**Exercise description:** Below is a listing; retype exactly the lines between the one containing "Tomás y Valiente" and the one containing "Jantă din oțel", inclusive, minus the pictures.
= = = = = = =
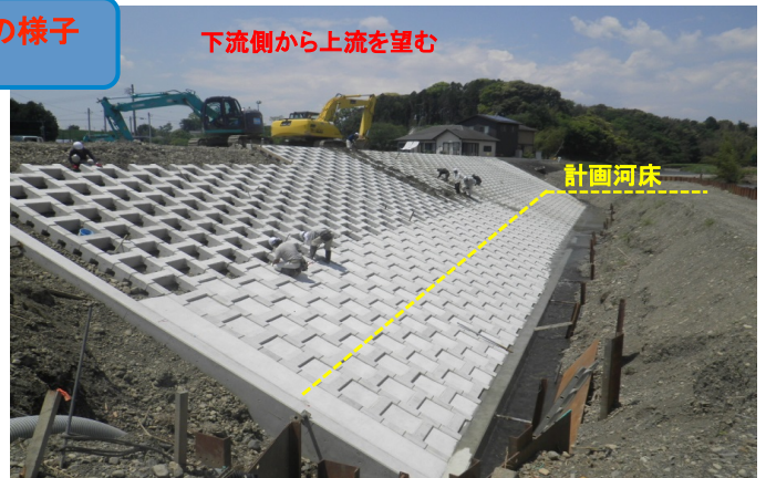
下流側から上流を望む
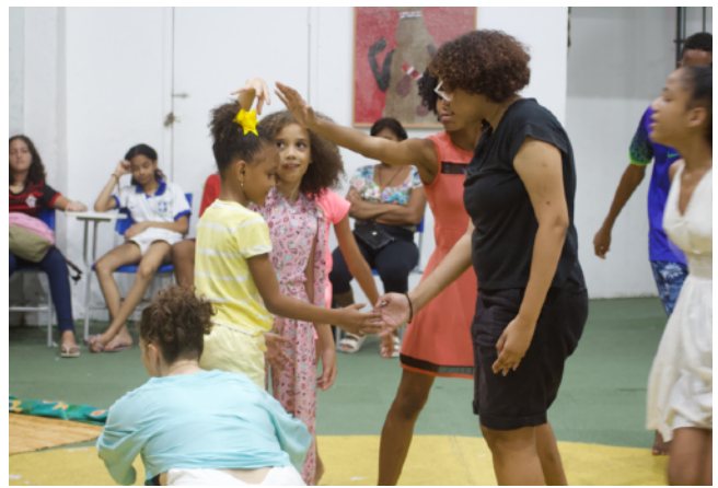
9 février 2023 : restitution publique de « R-Encontros », Espace Culturel de la F. P. Verger.

Affiche d'annonce de la 1 e soirée de restitution des jeunes + présentation de la conférence performée de Fanny Vignals. Graphisme ©Alexandre San Goes, Fondation Pierre Verger.
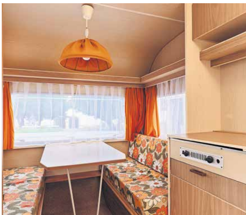
Notranjost prikolice adria 305 je bila enostavna.

čilen modri pas na beli podlagi. Pred tem so bile namreč IMV-jeve prikolice, tudi zgodnji primerki adrie 305, bele, modra barva pa je predstavljala morje, jadransko obalo, modrino, Jadran ... S tujko torej Adrio.
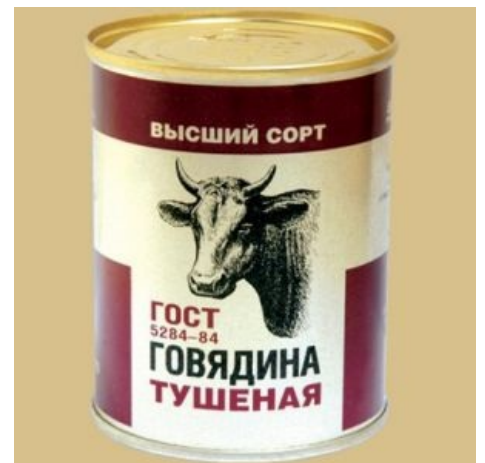
Тушёнка по ГОСТу. Год 84 и отсутствие буквы Р кагбе намекают, что есть безопасно.

«Жесть, как она есть! Вообще, же-е-е-есть! Всем смотреть обязательно! ГОСТ 13345-85 »
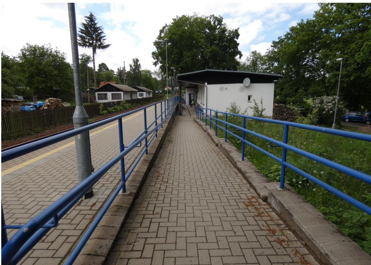
Fotografie 6: Zastávka Nové Město na Moravě - bezbariérový přístup
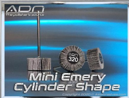
Ø 20 mm x 10 mm
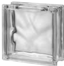
CLEAR 1919/8 WAVE CRAFTBLOCK SAP CODE: 122757
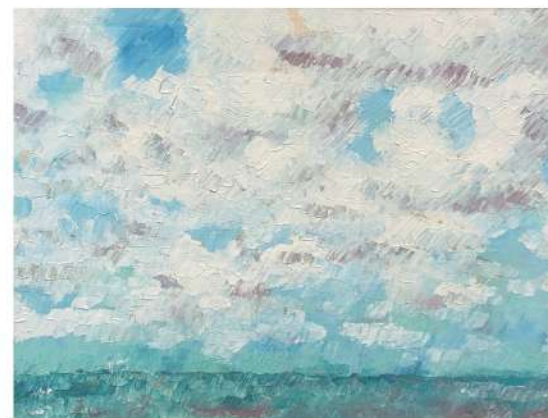
雲 2011 36×45cm
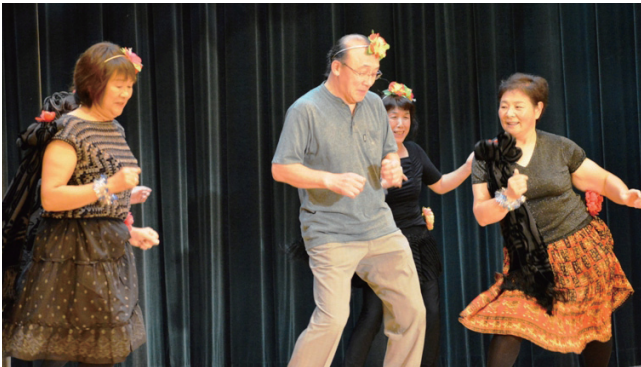
▼蓬田紳装ダンスの踊りでは会場が大爆笑に包まれました
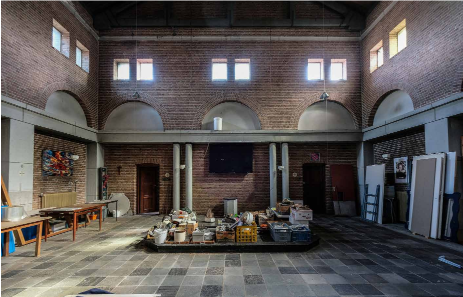
Afb. 6. Interieur van de kapel naar het oosten.
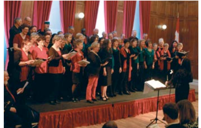
L'Harmonie en concert à Dublin (République d'Irlande).
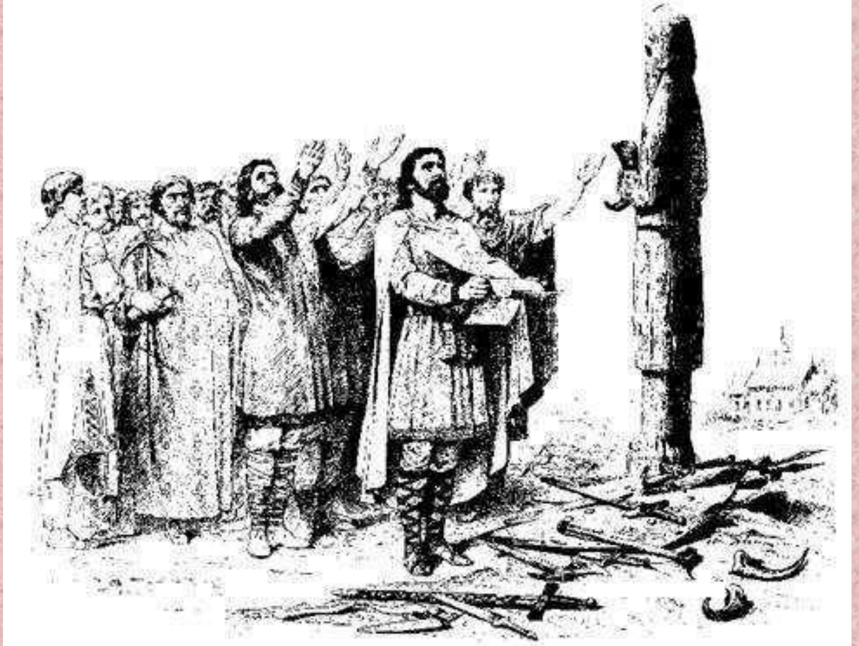
Князь ігор перед ідолом Перуна після походу на Константинополь
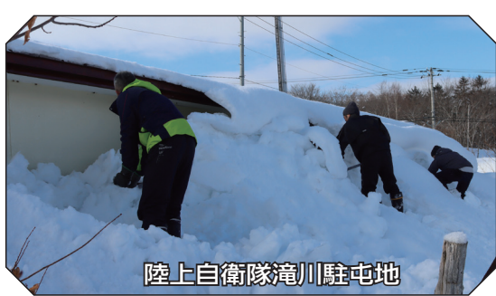
陸上自衛隊滝川駐屯地

2月17日、今年も「植村建設株式会社」「社会福祉法人北海道光生舎」「陸上自衛隊滝川駐屯地」の皆様による、市内の高齢者住宅などを対象とした除雪ボランティアが行なわれました。 軒下をふさぎ、窓を覆っていた重く硬い雪や氷が、手作業で取り除かれました。対象となった高齢者の方からは「雪がきれいになくなって、本当にうれしいです」と感謝の声が寄せられました。除雪ボランティアに参加された皆様ありがとうございました。
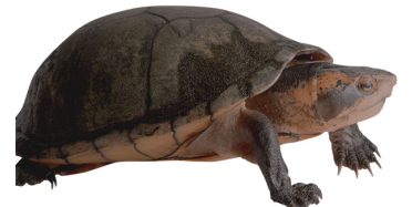
44 Kinosternon leucostomum KINOSTERNIDAE Tapáculo
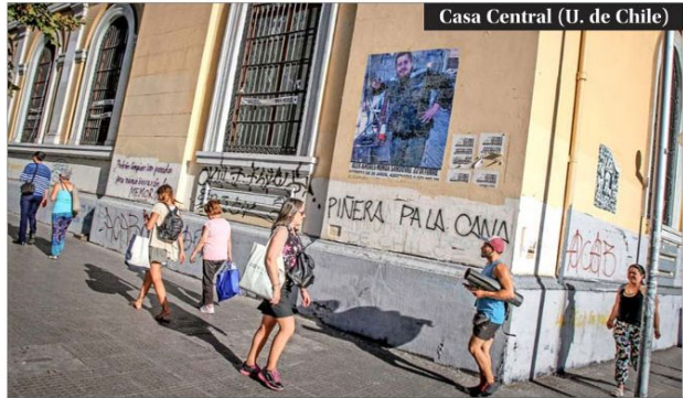
Casa Central (U. de Chile)

RAYADOS. — Ubicada en Diagonal Paraguay, la FEN está a solo algunas cuadras de Plaza Italia. En su exterior se han pegado numerosas ilustraciones y mensajes y también se han rayado vidrios y muros. Al igual que en otros edificios, la consigna antipolicial "A.C.A.B." es una de las más recurrentes.
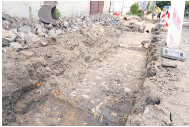
Obok bramy odkopano kamienny bruk, prowadzący do wiązowskiego rynku
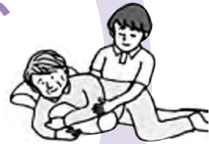
床ずれの予防と処置
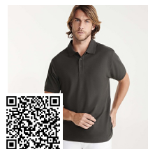
PEGASO PREMIUM PO6609
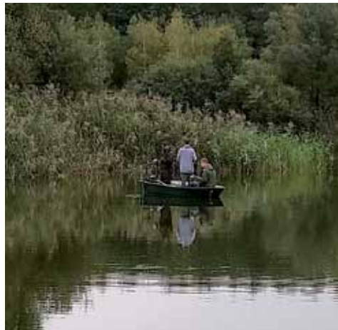
Idylle auf dem See

denn zum Angeln gehört nicht nur die „Maden zu baden“, sondern auch der artgerechte Umgang mit Fischen, Naturschutz, spezielle Gesetzeskunde und noch einiges mehr.
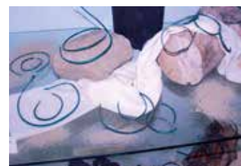
Výstava šperků.

třemi tisíci lety. Výstavu najdete v prvním patře radnice. Přístupná bude do poloviny prosince. [red]
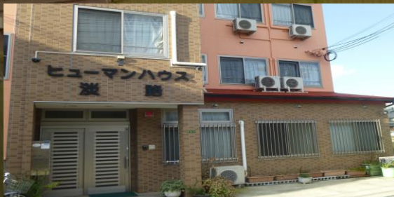
『ヒューマンハウス淡路』
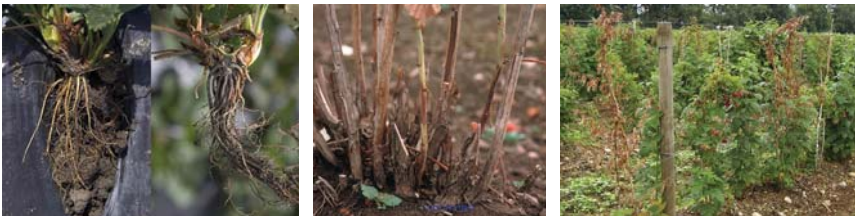
Slika 23. Trulež korena maline

Koristiti samo zdrav, sertifikovan, testiran sadni materijal. U toku zasnivanja zasada primeniti 60 l komposta po metru dužnom. Zasad ne zasnivati na zbijenim, vlažnim zemljištima. Ne zasnivati zasad na zemljištu na kome je konstatovana zaraza u narednih 15 godina. Ne vršiti razmenu opreme i mehanizacije sa farmerima u čijim zasadima ima simptoma ili je potvrđeno prisustvo bolesti. Tehnologija gajenja na „uzdignutim redovima“ omogućava prirodnu drenažu zemljišta oko zone korenovog sistema maline i predstavlja nepovoljne uslove za razvoj patogena. Navedena tehnologija je neizbežna na zbijenim zemljištima.
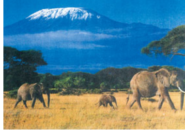
キリマンジャロの雪と象たち

キリマンジャロはアフリカ大陸のシンボルだ。が今氷河が毎年50センチずつ後退しているという。地球温暖化が影響している。
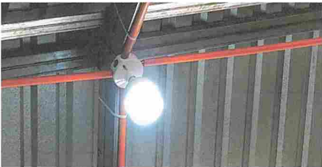
Foto 5: Módulo 2. Instalación de cableado eléctrico y ducto + accesorios.
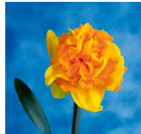
Narcissus 'Hart van Alkmaar'
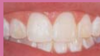
4. Výsledek po mikroabrazi sklovinu a 21-ti denním domácím bělením s Opalescence.
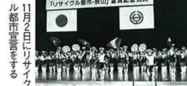
11月2日にリサイクル都市宣言をする
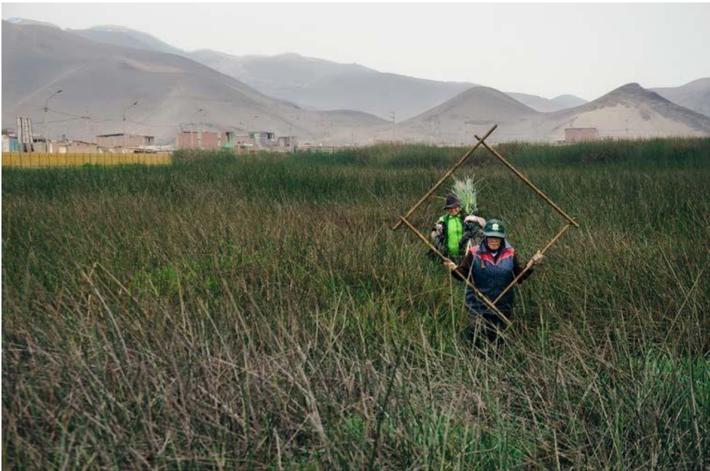
Areli Benito Paredes, egresada del programa anual de fotografía

Desde el 2005, el Centro de la Imagen ofrece el programa anual de fotografía, con el que nuestros alumnos pueden desarrollarse en campos tan variados como el publicitaria, fotografía de fotoperiodismo, la fotografía moda o fotografía artística.
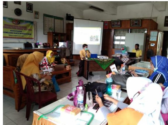
Gambar 2. Penyampaian Materi Pembuatan Google Form
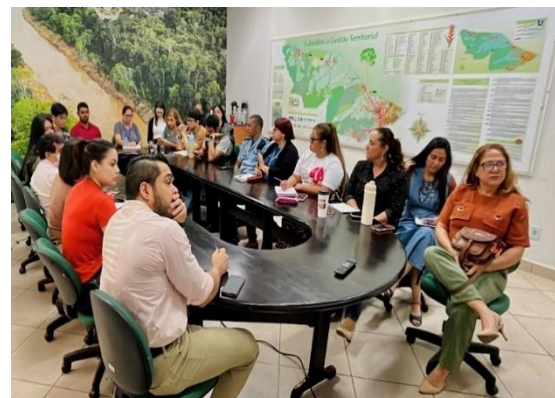
Figura 11. Reunião de Alinhamento das Atividades em Alusão ao dia Mundial da Água.
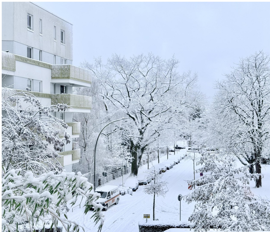
Wohnzimmer - Winterblick
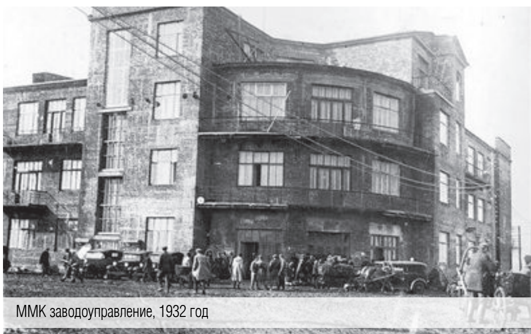
ММК заводоуправление, 1932 год
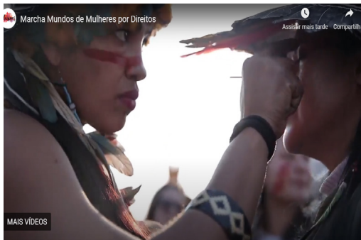
Imagem 3 – Captura de tela do vídeo 1
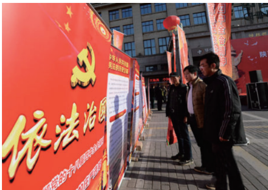
▲ 群众正在欣赏依法治国的宣传海报

2014年6月，十八届四中全会全面部署推进依法治国，以建设中国特色社会主义法治体系，建设社会主义法治国家为总目标。
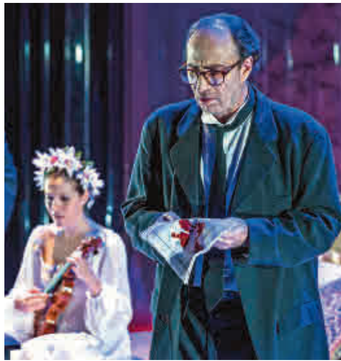
'Los hermanos Machado' reestrena el Tomás y Valiente

La adquisición de los boletos se realizará exclusivamente de forma online a través de la página del Ayuntamiento de Fuenlabrada (Ayto-fuenlabrada.es). Se podrá comprar un máximo de seis En el caso de la programación dirigida a los adultos, la ubicación de los espectadores se realizará en asientos alter-
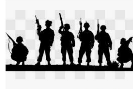
Primeira Guerra Mundial, Guerra Mundial, Se...
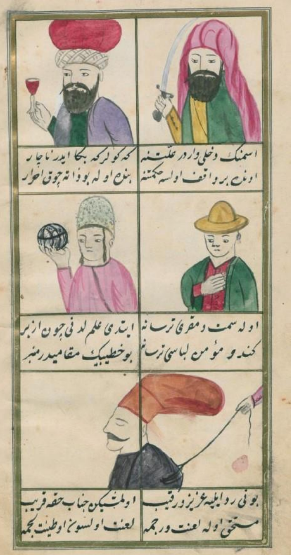
Ek-4 (Sıdkî, yz.: 14b)
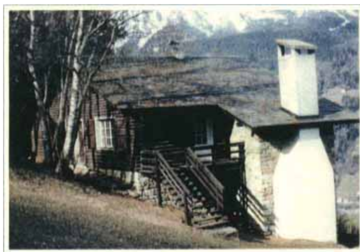
Bormio – La Trappola
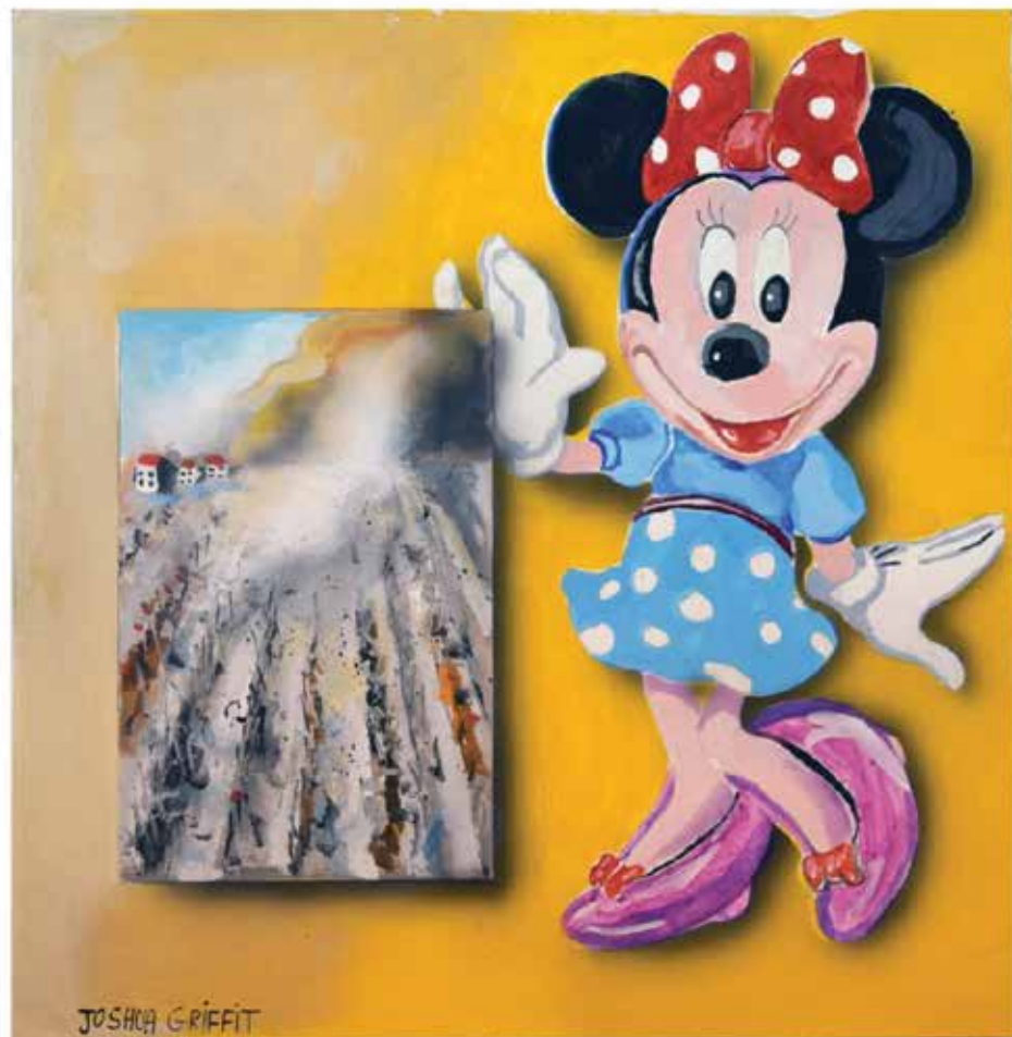
Joshua Griffit, See the Field Burn , 2019 Acrylic on paper
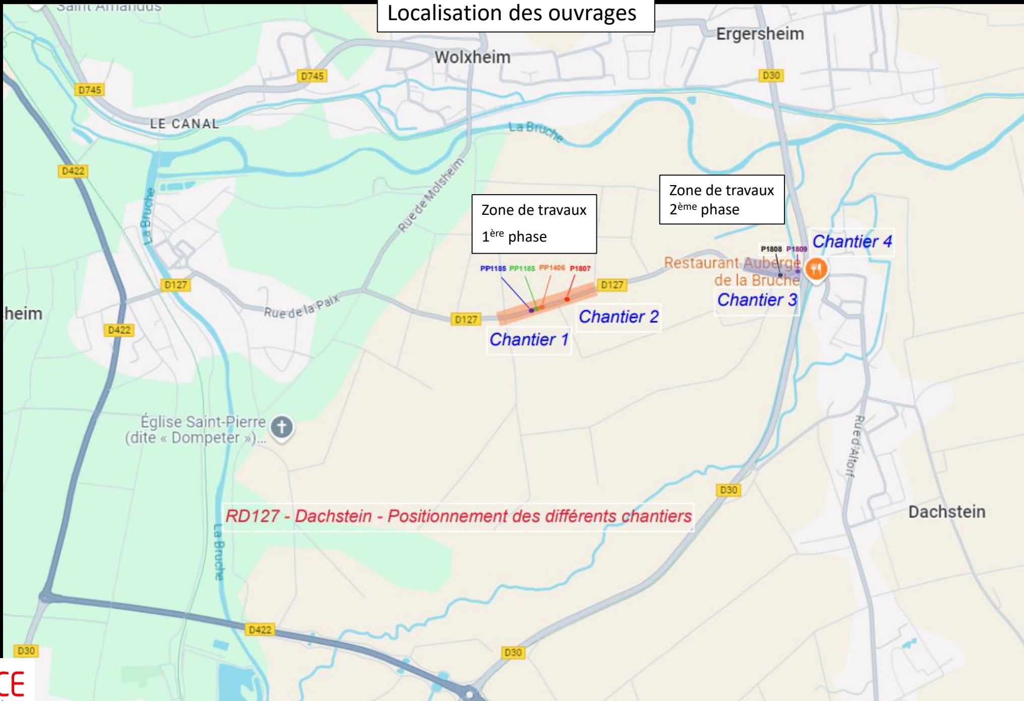
RD127 - Dachstein - Positionnement des différents chantiers
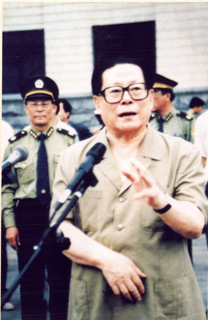
1995年6月16日，中共中央总书记、国家主席、中央军委主席江泽民视察辽宁省公安厅，公安机关负责警卫工作
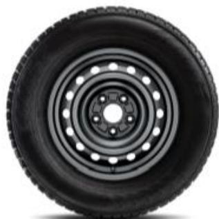
Jantă din oțel ProAce 16"

NOTA: Preturile de lista reprezinta preturi de vanzare recomandate. Preturile in lei se vor calcula la cursul BNR + 0,5% valabil in ziua platii. Preturile afisate includ Pachetul legislativ obligatoriu (trusa medicala, triunghi reflectorizant, extingtor). Lista de dotari constituie o selectie a celor mai importante dintre acestea. Afisaj indisponibil in limba romana.
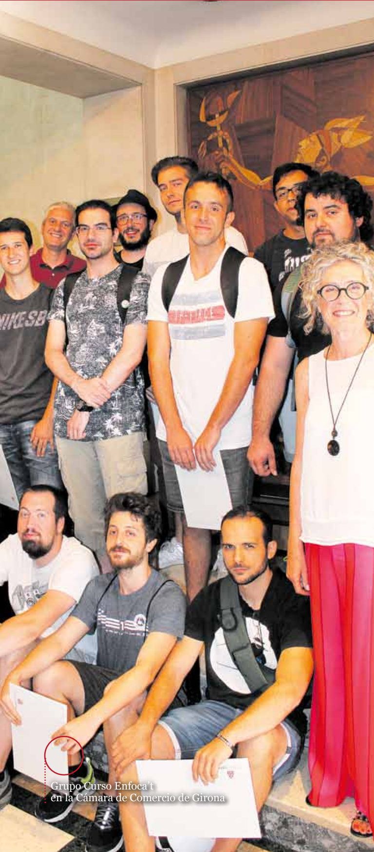
Grupo Curso Enfoca t en la Cámara de Comercio de Girona
= = = = = = =
**Completed task:**
'Los hermanos Machado' reestrena el Tomás y Valiente

La adquisición de los boletos se realizará exclusivamente de forma online a través de la página del Ayuntamiento de Fuenlabrada (Ayto-fuenlabrada.es). Se podrá comprar un máximo de seis En el caso de la programación dirigida a los adultos, la ubicación de los espectadores se realizará en asientos alter-
Primeira Guerra Mundial, Guerra Mundial, Se...
Ek-4 (Sıdkî, yz.: 14b)
Bormio – La Trappola
Joshua Griffit, See the Field Burn , 2019 Acrylic on paper
RD127 - Dachstein - Positionnement des différents chantiers
1995年6月16日，中共中央总书记、国家主席、中央军委主席江泽民视察辽宁省公安厅，公安机关负责警卫工作
Jantă din oțel ProAce 16"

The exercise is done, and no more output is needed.